> _ASSIGNED TASK_: Search the listing below for the line containing "Studioは、コードを書か". From there through the line containing "Bikapur (10 km)", transcribe every line exactly, both ends included.
*** DATA SHOWN ***
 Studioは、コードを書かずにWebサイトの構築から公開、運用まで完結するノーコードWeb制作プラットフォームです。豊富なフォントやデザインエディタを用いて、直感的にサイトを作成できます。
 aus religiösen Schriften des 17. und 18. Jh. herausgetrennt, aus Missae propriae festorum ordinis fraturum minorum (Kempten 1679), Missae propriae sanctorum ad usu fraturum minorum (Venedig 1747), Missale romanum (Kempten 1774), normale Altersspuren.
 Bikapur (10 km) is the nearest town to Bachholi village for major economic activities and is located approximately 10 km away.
*** End of DATA SHOWN ***
*** DATA SHOWN ***
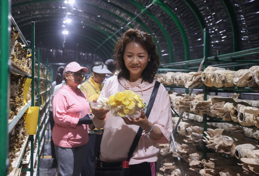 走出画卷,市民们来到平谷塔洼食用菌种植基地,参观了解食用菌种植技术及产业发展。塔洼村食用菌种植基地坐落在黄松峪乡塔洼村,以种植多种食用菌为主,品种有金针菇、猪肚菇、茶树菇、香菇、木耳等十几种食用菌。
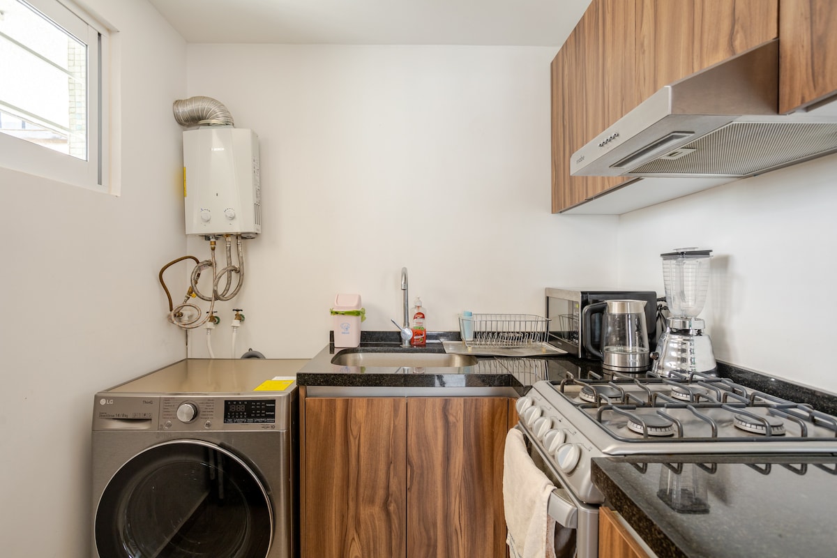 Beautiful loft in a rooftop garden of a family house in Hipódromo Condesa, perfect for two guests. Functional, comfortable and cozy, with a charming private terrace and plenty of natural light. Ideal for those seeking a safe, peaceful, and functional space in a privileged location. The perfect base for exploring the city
*** End of DATA SHOWN ***
> _ANSWER TO THIS EXERCISE_:
 Studioは、コードを書かずにWebサイトの構築から公開、運用まで完結するノーコードWeb制作プラットフォームです。豊富なフォントやデザインエディタを用いて、直感的にサイトを作成できます。
 aus religiösen Schriften des 17. und 18. Jh. herausgetrennt, aus Missae propriae festorum ordinis fraturum minorum (Kempten 1679), Missae propriae sanctorum ad usu fraturum minorum (Venedig 1747), Missale romanum (Kempten 1774), normale Altersspuren.
 Bikapur (10 km) is the nearest town to Bachholi village for major economic activities and is located approximately 10 km away.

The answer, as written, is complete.